Using the material that follows, output exactly the lines from the one containing "입체적인 각을 살린 나비" through the one containing "Das Ergebnis: ein", with both ends kept.

* _Records to use_:
───

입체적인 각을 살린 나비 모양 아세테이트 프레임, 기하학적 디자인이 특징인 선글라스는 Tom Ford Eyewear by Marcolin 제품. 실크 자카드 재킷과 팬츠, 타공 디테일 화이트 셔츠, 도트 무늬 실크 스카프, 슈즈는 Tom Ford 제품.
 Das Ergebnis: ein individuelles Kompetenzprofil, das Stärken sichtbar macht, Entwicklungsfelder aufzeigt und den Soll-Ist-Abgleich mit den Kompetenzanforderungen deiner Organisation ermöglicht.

───

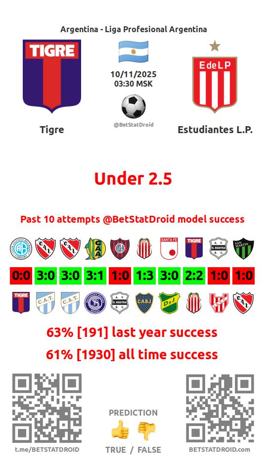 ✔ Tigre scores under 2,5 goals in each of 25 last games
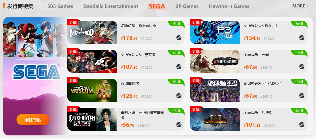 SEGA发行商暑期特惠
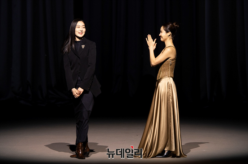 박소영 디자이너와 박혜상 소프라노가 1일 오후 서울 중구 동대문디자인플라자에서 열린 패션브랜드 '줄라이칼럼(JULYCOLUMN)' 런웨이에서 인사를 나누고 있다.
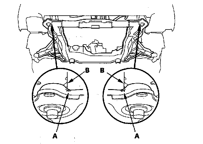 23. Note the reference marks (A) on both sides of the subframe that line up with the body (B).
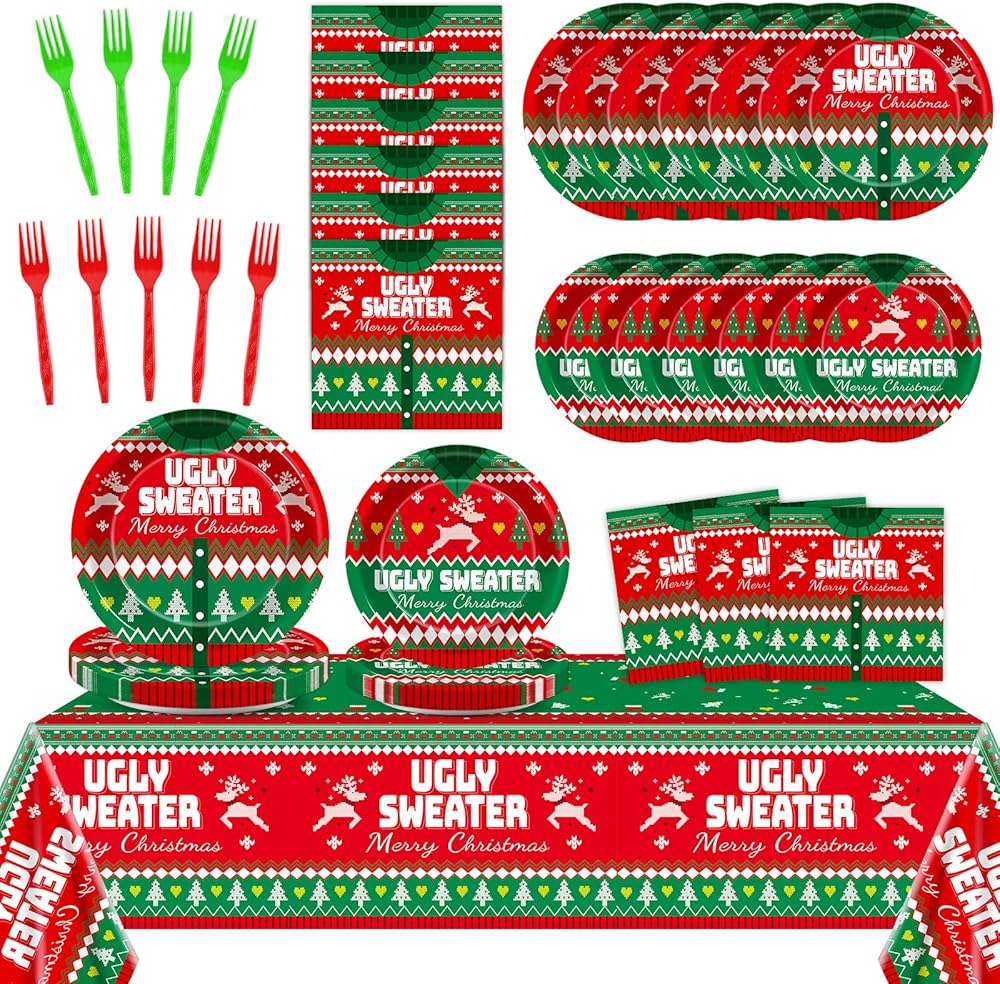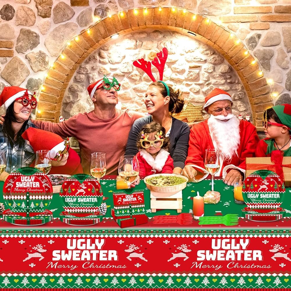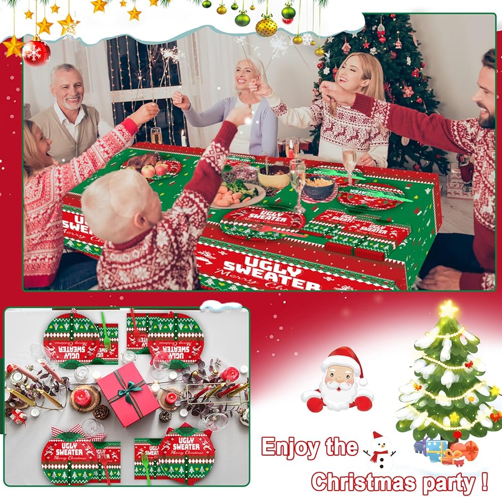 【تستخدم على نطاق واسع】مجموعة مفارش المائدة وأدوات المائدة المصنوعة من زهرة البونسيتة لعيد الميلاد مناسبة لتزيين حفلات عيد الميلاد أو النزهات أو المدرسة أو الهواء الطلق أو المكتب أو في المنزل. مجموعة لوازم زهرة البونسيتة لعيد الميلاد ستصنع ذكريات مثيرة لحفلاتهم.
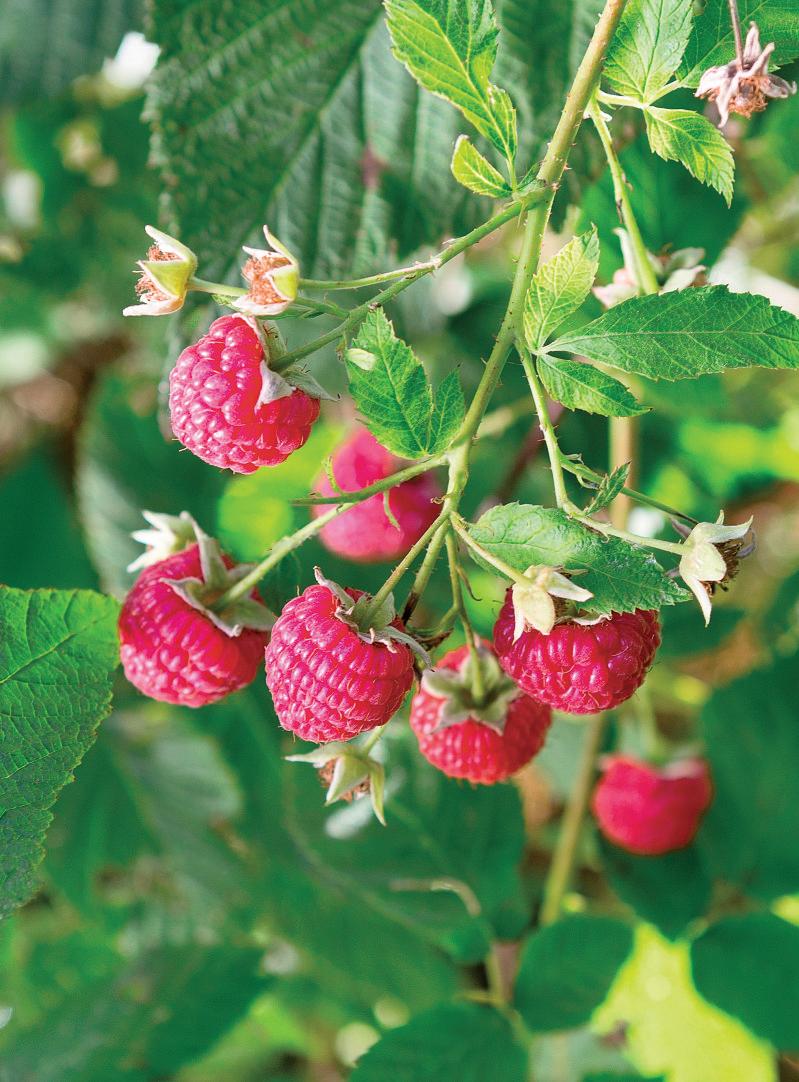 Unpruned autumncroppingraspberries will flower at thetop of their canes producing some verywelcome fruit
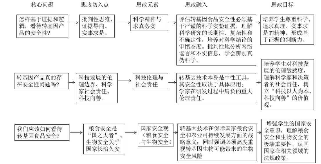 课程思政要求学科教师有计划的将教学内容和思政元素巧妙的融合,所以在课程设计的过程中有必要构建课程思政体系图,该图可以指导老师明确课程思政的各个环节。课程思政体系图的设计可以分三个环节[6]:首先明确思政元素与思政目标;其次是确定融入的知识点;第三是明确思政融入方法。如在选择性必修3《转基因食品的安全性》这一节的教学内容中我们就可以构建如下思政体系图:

───

* _Response to the task_:
입체적인 각을 살린 나비 모양 아세테이트 프레임, 기하학적 디자인이 특징인 선글라스는 Tom Ford Eyewear by Marcolin 제품. 실크 자카드 재킷과 팬츠, 타공 디테일 화이트 셔츠, 도트 무늬 실크 스카프, 슈즈는 Tom Ford 제품.
 Das Ergebnis: ein individuelles Kompetenzprofil, das Stärken sichtbar macht, Entwicklungsfelder aufzeigt und den Soll-Ist-Abgleich mit den Kompetenzanforderungen deiner Organisation ermöglicht.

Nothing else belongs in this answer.